Saturday, May 9, 2015

idealization of the parent vs. the truth

I've had several patients bring up stories of their parents not admitting/denying that something had happened. One remembers a night his dad came home, put his foot though his video game console, and choked him ("like Homer chokes Bart in The Simpsons"). On his own, the patient linked his histrionic relation to feelings to his father's denial of the truth of that nights events.

Another patient brought up how she fell off a swing set and sat down at dinner knowing something was wrong. She pleaded with her mother to take her to the hospital but her mother told her that it wasn't that serious and that she would be fine. She eventually got her to listen and found out she had a broken collar bone. The patient was able to quickly avow that in other major relationships she was treated like what she felt or wanted wasn't true/right and others tried to control how she felt.

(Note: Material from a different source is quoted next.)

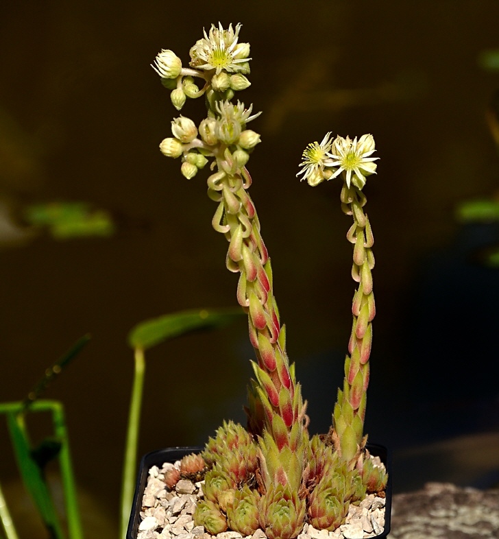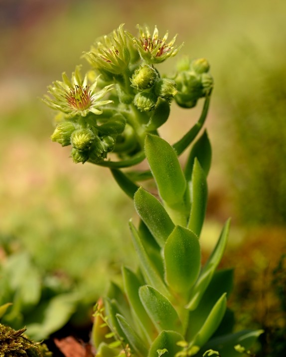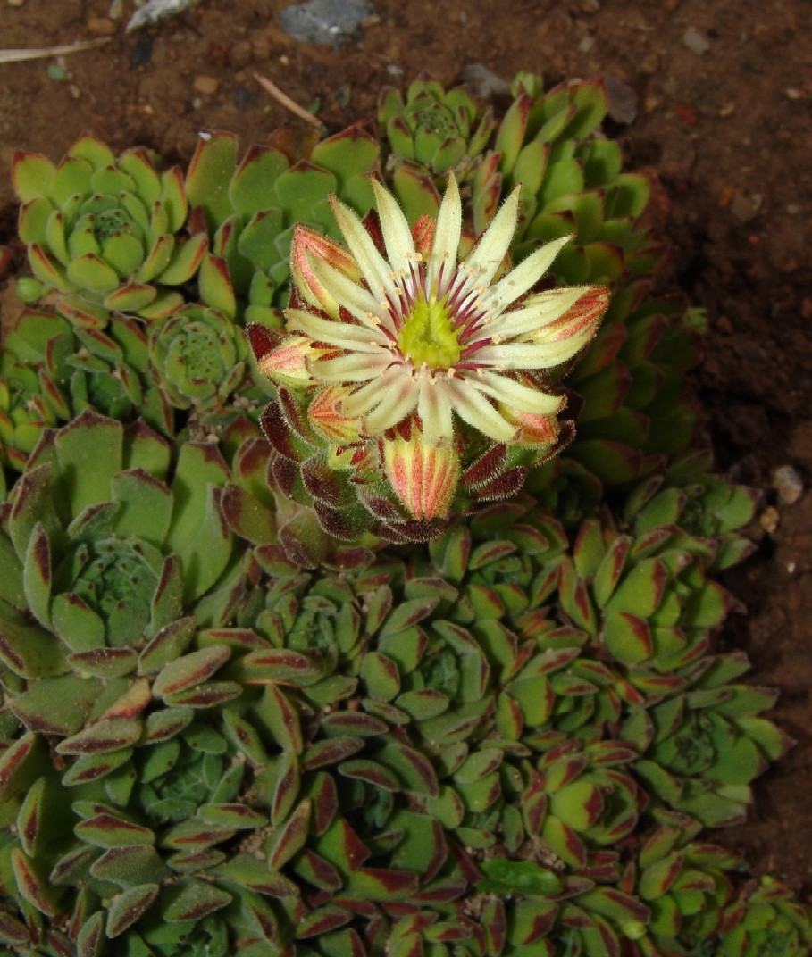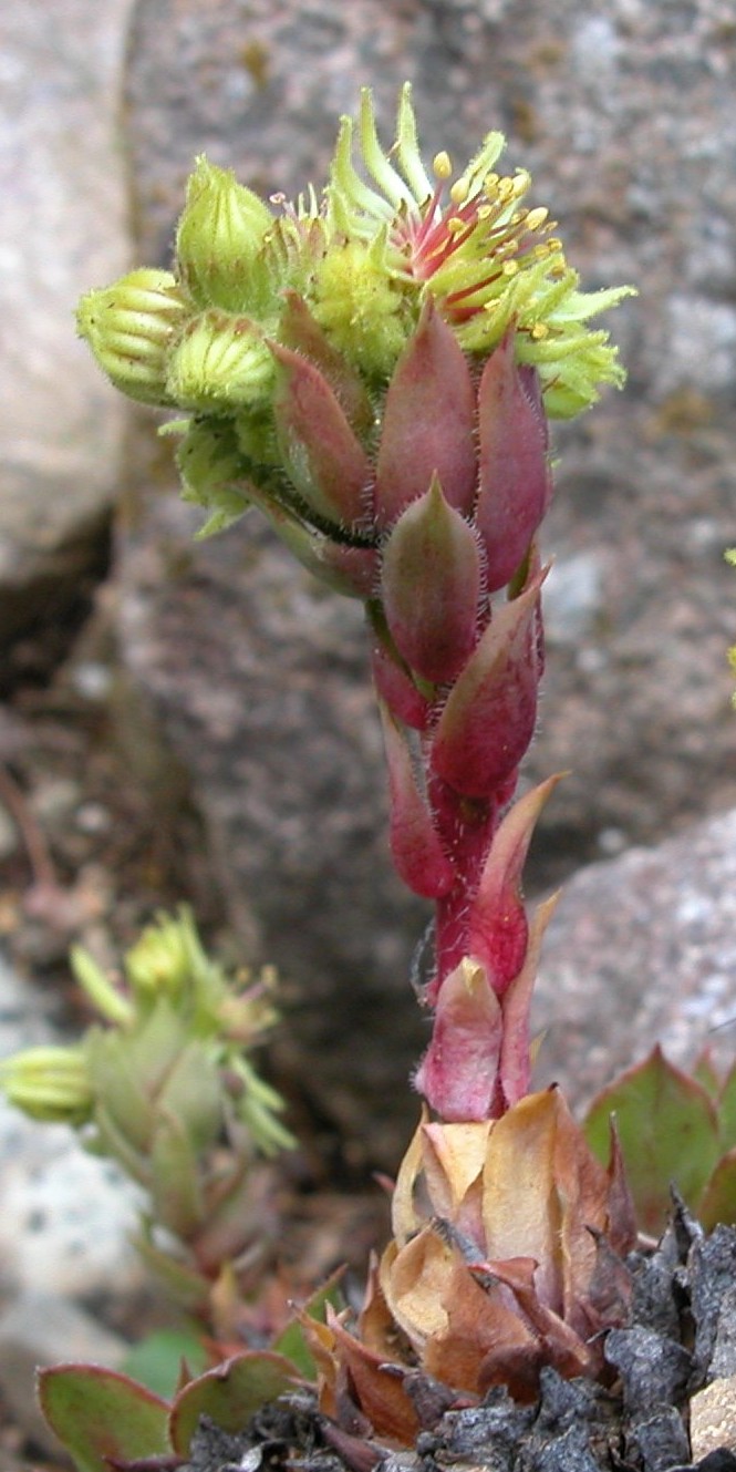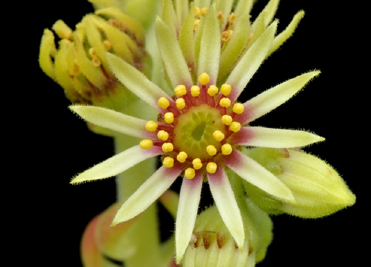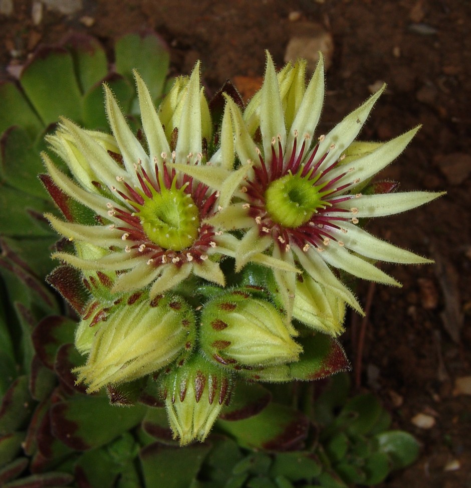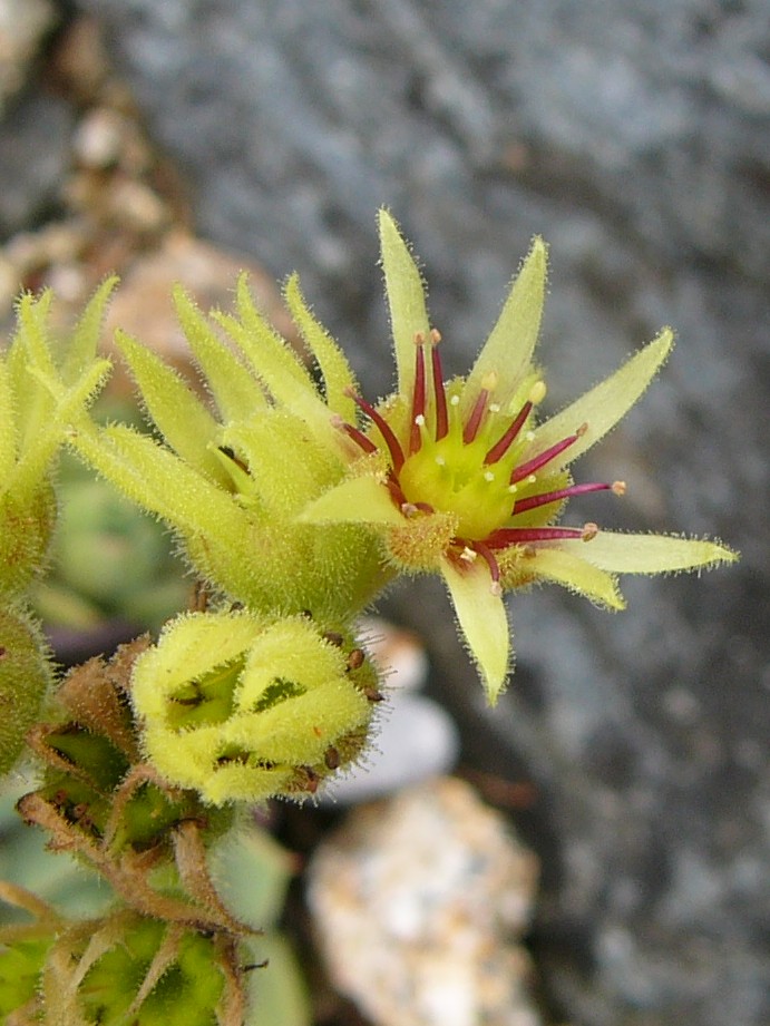 Sempervivum- Blüten gelb, Staubfäden rot

I'm sure that I'm not the first one to hear the importance of these stories in patients. If anyone has a article or book to direct me to, please do.

Trying to place it in my frames of reference, I think of Freud talking about how the Ratman doubts himself and that comes from doubting his ability to love.

At the phallic-oedipal, love can be lost in regression for an egoist, where for an altruist it is often assertion. Phallic-oedipal love can downgrade to anal sado-masochistic love, down to the extreme possessiveness of the volar stage, and disappear at the auto-erotic. Phallic love isn't without it's ambivalence. The beloved's relation to reputation and Prestige is obviously important. Assertion in an altruist can similarly regress.

What promise did the egoist break, how did he lose some sense of integrity, what betrayal in love did he suffer?

For the altruist, what parental substitute undermined their reality, how did he sin against love, loyalty, and devotion?

There are more injuries than this, but I think.